**Task requirements**
Reproduce exactly, and only, the lines running from the start of the entries below to the line containing "Left: GA Grand".

Saved entries
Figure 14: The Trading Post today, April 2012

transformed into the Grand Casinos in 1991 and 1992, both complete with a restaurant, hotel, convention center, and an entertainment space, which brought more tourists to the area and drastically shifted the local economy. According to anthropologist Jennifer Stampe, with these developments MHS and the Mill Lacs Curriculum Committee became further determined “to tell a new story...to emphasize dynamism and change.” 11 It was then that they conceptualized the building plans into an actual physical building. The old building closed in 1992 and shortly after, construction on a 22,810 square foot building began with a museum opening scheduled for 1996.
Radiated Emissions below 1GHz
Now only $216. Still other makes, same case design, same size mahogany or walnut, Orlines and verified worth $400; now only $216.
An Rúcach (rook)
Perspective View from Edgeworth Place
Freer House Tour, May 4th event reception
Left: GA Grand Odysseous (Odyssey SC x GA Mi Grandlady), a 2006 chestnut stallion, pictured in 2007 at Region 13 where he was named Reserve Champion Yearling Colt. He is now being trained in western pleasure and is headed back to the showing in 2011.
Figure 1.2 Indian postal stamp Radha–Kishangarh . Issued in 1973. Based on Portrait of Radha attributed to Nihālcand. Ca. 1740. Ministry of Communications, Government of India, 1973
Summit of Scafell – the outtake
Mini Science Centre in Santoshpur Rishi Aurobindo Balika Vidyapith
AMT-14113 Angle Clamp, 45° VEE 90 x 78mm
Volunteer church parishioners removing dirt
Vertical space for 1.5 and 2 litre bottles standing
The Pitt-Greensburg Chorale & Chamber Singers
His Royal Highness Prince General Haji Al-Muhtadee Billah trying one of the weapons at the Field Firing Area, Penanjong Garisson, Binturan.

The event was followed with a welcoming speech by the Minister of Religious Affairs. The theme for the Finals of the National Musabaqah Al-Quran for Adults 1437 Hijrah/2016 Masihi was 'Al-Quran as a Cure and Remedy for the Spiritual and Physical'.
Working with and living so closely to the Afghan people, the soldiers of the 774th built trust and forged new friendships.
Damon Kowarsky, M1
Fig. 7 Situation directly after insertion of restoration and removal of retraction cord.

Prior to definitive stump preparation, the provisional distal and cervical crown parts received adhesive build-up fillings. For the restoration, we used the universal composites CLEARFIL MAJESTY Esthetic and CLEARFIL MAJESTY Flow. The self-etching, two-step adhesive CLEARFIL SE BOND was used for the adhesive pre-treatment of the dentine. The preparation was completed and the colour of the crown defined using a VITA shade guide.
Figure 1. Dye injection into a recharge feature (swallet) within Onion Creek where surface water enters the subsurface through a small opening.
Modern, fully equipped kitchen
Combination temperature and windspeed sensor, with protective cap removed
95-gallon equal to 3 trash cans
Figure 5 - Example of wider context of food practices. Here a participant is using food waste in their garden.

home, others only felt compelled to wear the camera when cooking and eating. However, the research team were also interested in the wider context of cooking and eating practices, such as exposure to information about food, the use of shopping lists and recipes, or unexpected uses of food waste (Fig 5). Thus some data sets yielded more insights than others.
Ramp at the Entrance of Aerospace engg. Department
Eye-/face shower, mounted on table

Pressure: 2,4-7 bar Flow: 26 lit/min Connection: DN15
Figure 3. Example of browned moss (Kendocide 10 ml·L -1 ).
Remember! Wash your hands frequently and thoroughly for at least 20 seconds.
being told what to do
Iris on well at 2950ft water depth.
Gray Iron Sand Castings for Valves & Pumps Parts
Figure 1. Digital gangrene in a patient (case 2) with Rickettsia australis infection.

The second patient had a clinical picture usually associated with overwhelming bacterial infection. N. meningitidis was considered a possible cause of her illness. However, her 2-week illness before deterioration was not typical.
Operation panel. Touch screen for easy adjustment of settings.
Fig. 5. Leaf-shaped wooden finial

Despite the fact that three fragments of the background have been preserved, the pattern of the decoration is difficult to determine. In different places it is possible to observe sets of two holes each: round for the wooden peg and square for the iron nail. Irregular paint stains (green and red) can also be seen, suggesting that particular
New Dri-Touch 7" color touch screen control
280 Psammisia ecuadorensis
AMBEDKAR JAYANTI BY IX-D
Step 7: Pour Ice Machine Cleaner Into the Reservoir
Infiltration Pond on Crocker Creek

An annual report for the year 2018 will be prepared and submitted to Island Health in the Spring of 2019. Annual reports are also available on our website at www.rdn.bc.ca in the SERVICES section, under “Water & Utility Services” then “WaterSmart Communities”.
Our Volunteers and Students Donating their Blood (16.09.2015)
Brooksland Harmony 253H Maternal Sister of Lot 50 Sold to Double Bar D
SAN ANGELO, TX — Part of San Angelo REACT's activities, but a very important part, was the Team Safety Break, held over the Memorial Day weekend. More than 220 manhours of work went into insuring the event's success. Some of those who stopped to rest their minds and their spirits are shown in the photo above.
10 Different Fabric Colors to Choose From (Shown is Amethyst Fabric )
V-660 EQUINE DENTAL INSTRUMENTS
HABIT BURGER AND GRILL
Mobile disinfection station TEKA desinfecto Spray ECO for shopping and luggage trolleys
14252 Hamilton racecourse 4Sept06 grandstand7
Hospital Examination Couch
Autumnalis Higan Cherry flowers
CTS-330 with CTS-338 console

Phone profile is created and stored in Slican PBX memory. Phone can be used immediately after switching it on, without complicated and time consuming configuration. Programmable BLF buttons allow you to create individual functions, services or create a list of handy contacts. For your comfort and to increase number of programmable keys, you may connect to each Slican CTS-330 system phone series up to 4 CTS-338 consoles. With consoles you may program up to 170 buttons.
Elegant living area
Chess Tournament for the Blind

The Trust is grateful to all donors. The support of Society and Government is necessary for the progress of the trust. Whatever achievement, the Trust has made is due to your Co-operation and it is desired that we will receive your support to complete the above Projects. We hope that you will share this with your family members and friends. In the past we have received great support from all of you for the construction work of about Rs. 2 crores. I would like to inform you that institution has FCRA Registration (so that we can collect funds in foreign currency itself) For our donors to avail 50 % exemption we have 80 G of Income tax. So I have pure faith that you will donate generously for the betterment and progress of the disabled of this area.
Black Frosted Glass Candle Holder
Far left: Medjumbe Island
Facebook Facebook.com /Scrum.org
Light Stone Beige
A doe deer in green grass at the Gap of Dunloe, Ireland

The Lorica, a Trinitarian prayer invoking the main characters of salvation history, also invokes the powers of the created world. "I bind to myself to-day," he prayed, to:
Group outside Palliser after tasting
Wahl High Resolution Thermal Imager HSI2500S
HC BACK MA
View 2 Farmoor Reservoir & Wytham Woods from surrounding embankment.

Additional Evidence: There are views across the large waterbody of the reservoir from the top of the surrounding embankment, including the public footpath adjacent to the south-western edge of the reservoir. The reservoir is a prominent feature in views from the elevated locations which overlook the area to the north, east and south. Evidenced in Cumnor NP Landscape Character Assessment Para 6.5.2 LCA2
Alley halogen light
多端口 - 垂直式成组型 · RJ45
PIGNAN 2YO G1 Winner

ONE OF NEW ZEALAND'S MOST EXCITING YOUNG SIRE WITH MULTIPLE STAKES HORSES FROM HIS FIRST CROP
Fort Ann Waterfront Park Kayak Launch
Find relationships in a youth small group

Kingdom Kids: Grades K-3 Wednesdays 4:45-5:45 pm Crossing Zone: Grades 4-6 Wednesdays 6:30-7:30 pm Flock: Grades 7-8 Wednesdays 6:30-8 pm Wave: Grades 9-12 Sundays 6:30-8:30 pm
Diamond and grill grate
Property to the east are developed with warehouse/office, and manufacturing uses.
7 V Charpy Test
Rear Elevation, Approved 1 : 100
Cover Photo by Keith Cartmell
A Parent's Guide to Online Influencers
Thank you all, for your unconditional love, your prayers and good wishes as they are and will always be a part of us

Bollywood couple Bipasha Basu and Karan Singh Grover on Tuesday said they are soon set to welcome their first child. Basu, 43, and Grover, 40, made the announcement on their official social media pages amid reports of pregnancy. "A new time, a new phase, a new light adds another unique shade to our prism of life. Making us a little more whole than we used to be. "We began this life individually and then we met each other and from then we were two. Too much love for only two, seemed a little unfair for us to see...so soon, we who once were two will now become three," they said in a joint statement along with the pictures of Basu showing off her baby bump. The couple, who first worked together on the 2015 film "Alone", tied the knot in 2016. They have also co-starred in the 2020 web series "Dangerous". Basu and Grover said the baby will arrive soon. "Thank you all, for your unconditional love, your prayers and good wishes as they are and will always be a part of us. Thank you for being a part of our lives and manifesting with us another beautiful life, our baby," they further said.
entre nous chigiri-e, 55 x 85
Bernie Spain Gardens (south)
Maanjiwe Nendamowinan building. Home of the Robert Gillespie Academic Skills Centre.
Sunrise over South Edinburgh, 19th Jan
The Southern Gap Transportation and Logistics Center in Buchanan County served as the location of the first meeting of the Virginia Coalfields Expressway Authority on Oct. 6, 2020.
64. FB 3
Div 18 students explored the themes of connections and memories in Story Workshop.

**Response**
Figure 14: The Trading Post today, April 2012

transformed into the Grand Casinos in 1991 and 1992, both complete with a restaurant, hotel, convention center, and an entertainment space, which brought more tourists to the area and drastically shifted the local economy. According to anthropologist Jennifer Stampe, with these developments MHS and the Mill Lacs Curriculum Committee became further determined “to tell a new story...to emphasize dynamism and change.” 11 It was then that they conceptualized the building plans into an actual physical building. The old building closed in 1992 and shortly after, construction on a 22,810 square foot building began with a museum opening scheduled for 1996.
Radiated Emissions below 1GHz
Now only $216. Still other makes, same case design, same size mahogany or walnut, Orlines and verified worth $400; now only $216.
An Rúcach (rook)
Perspective View from Edgeworth Place
Freer House Tour, May 4th event reception
Left: GA Grand Odysseous (Odyssey SC x GA Mi Grandlady), a 2006 chestnut stallion, pictured in 2007 at Region 13 where he was named Reserve Champion Yearling Colt. He is now being trained in western pleasure and is headed back to the showing in 2011.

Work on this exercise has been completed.